* [Data records]
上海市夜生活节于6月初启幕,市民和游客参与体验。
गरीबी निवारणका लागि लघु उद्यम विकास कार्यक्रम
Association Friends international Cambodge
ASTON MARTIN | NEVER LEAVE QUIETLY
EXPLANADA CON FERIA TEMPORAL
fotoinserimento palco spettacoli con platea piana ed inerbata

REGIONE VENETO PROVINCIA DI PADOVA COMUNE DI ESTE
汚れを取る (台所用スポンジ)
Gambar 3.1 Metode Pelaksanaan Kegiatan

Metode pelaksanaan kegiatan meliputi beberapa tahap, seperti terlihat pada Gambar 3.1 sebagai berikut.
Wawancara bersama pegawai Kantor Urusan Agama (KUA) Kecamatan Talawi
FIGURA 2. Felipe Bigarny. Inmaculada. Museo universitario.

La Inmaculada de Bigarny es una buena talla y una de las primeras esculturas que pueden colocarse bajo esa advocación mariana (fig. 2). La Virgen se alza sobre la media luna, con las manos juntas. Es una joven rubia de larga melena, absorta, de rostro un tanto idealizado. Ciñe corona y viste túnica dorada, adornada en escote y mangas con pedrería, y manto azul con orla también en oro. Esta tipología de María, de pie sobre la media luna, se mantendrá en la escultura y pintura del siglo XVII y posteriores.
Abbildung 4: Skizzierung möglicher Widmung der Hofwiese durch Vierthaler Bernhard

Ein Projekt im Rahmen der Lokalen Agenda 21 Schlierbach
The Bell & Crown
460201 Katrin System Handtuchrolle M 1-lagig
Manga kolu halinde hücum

* [Aim of the task]
Reproduce only the lines between the line containing "Abbildung 4: Skizzierung" and the last line of the records, those two lines included, exactly.

* [Exercise output]
Abbildung 4: Skizzierung möglicher Widmung der Hofwiese durch Vierthaler Bernhard

Ein Projekt im Rahmen der Lokalen Agenda 21 Schlierbach
The Bell & Crown
460201 Katrin System Handtuchrolle M 1-lagig
Manga kolu halinde hücum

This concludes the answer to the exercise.